Ce constat a surtout été nourri par l’étude Recovery, qui a montré début juin que cette molécule ne réduisait pas la mortalité (les résultats détaillés ont été publiés le 8 octobre dans le New England Journal of Medicine). L’hydroxychloroquine n’a d’ailleurs pas fait partie des traitements administrés à Donald Trump quand il a contracté le Covid-19. Cette saga a toutefois été marquée par un scandale académique : début juin, la prestigieuse revue The Lancet a dû retirer une étude critique sur l’hydroxychloroquine à cause de forts soupçons de fraude. Ce scandale a conforté l’opinion des farouches partisans que garde ce médicament malgré les évidences qui s’accumulent.
– Lopinavir-ritonavir : Utilisée contre le virus du sida, l’association de ces deux médicaments n’est pas efficace chez les patients hospitalisés pour le Covid-19. Là encore, c’est l’essai Recovery qui a permis d’aboutir à cette conclusion dès le 29 juin (avant la publication des résultats détaillés dans The Lancet le 6 octobre).

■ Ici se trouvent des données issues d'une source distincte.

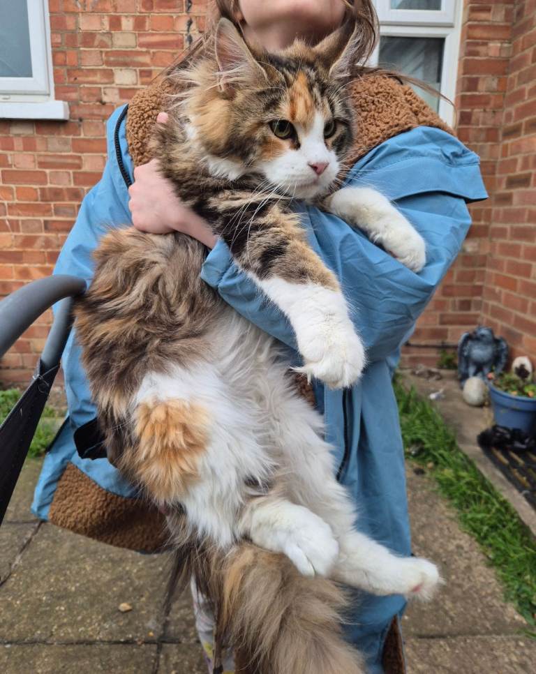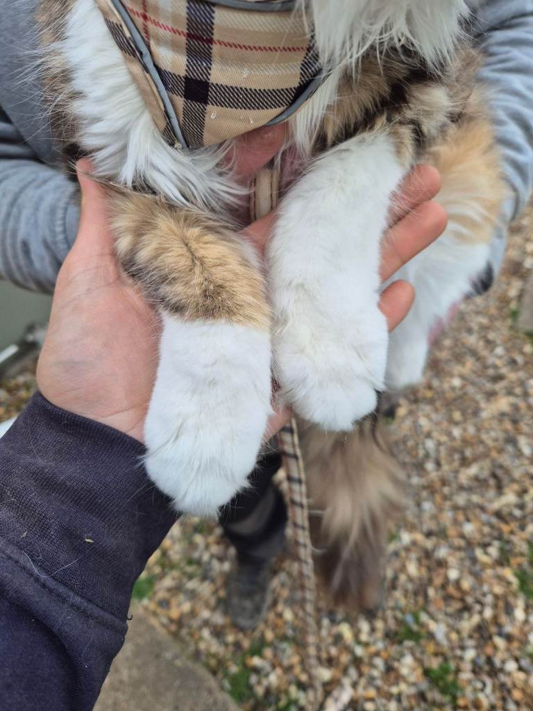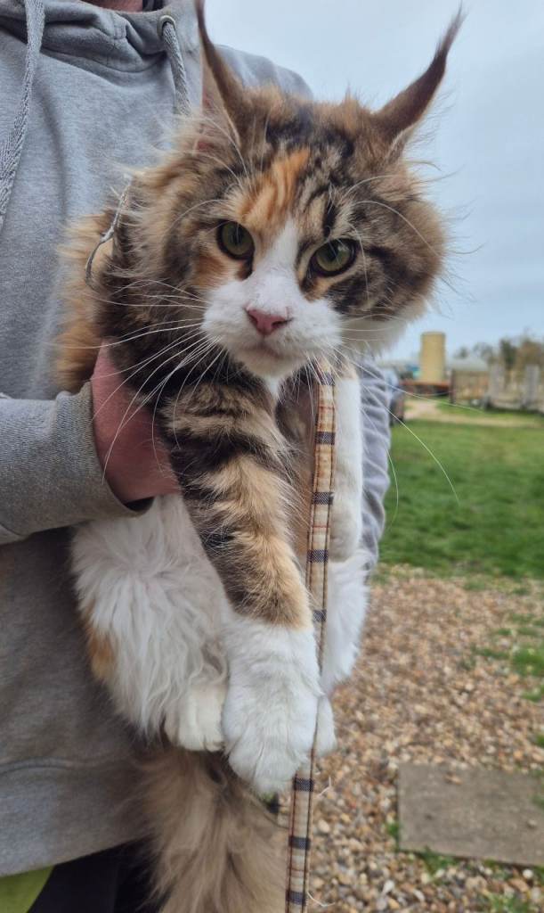 Bella is a 1 year old full MC. Both her parents are registered at TICA. She was born with wonky legs, but it does not affect her in any way. She is running and jumping around, playing with everybody. She will follow you like a shadow, and sleep in your bed if you let her. She has got the sweetest nature, good with other cats and have met dogs before. I finished breeding a while ago due to my health issues getting worse, I can't keep pets anymore.

Commercialisée sous le nom de Kaletra, l’association lopinavir-ritonavir ne permet de réduire ni la mortalité ni les risques d’être placé sous ventilation artificielle, selon les résultats de Recovery. Ce traitement ne raccourcit pas non plus la durée d’hospitalisation.
CEUX QU’ON TESTE
– Anticorps de synthèse : Ces anticorps dits « monoclonaux » sont fabriqués en laboratoire. Injectés en intraveineuse, ils sont censés épauler le système immunitaire pour neutraliser le coronavirus. Donald Trump a lui-même reçu un traitement expérimental de ce type, fabriqué par la société de biotechnologie américaine Regeneron. Après des résultats préliminaires encourageants, ce traitement va maintenant être testé à grande échelle dans le cadre de l’essai Recovery.
Un autre groupe pharmaceutique américain, Eli Lilly, développe un traitement similaire. Mardi, il a annoncé la suspension de l’essai, pour des raisons de sécurité non détaillées. Ces nouveaux traitements « sont prometteurs (…) mais dans l’ensemble, leur efficacité ou leur sûreté n’ont pas encore été prouvées », a récemment souligné Anthony Fauci, l’un des principaux experts du gouvernement américain.
– Plasma : Il s’agit de transfuser à des malades du plasma (la partie liquide du sang) prélevé sur des personnes auparavant contaminées mais désormais rétablies, afin qu’ils bénéficient de leurs anticorps. Selon certaines études, ce traitement s’est révélé efficace pour traiter le virus Ebola ou le SRAS, qui est de la même famille que le nouveau coronavirus. Mais tous les experts s’accordent à dire qu’il faudrait davantage d’essais cliniques pour comparer le plasma aux soins standard. Cette comparaison est en cours dans le cadre de l’essai Recovery.
– D’autres pistes : Parmi les autres traitements testés, Recovery est en train d’évaluer l’efficacité du tocilizumab, dont on espère qu’il pourrait lutter contre le phénomène inflammatoire responsable des cas les plus graves. Enfin, d’autres pistes sont explorées via des programmes de « repositionnement »: il s’agit de passer en revue des molécules déjà existantes pour voir si elles pourraient être efficaces contre le Covid-19.
En France, l’Institut Pasteur de Lille a reçu un don de cinq millions d’euros du géant du luxe LVMH pour tester une molécule dont il n’a pas dévoilé le nom. Elle a été repérée dans le cadre d’un programme de repositionnement.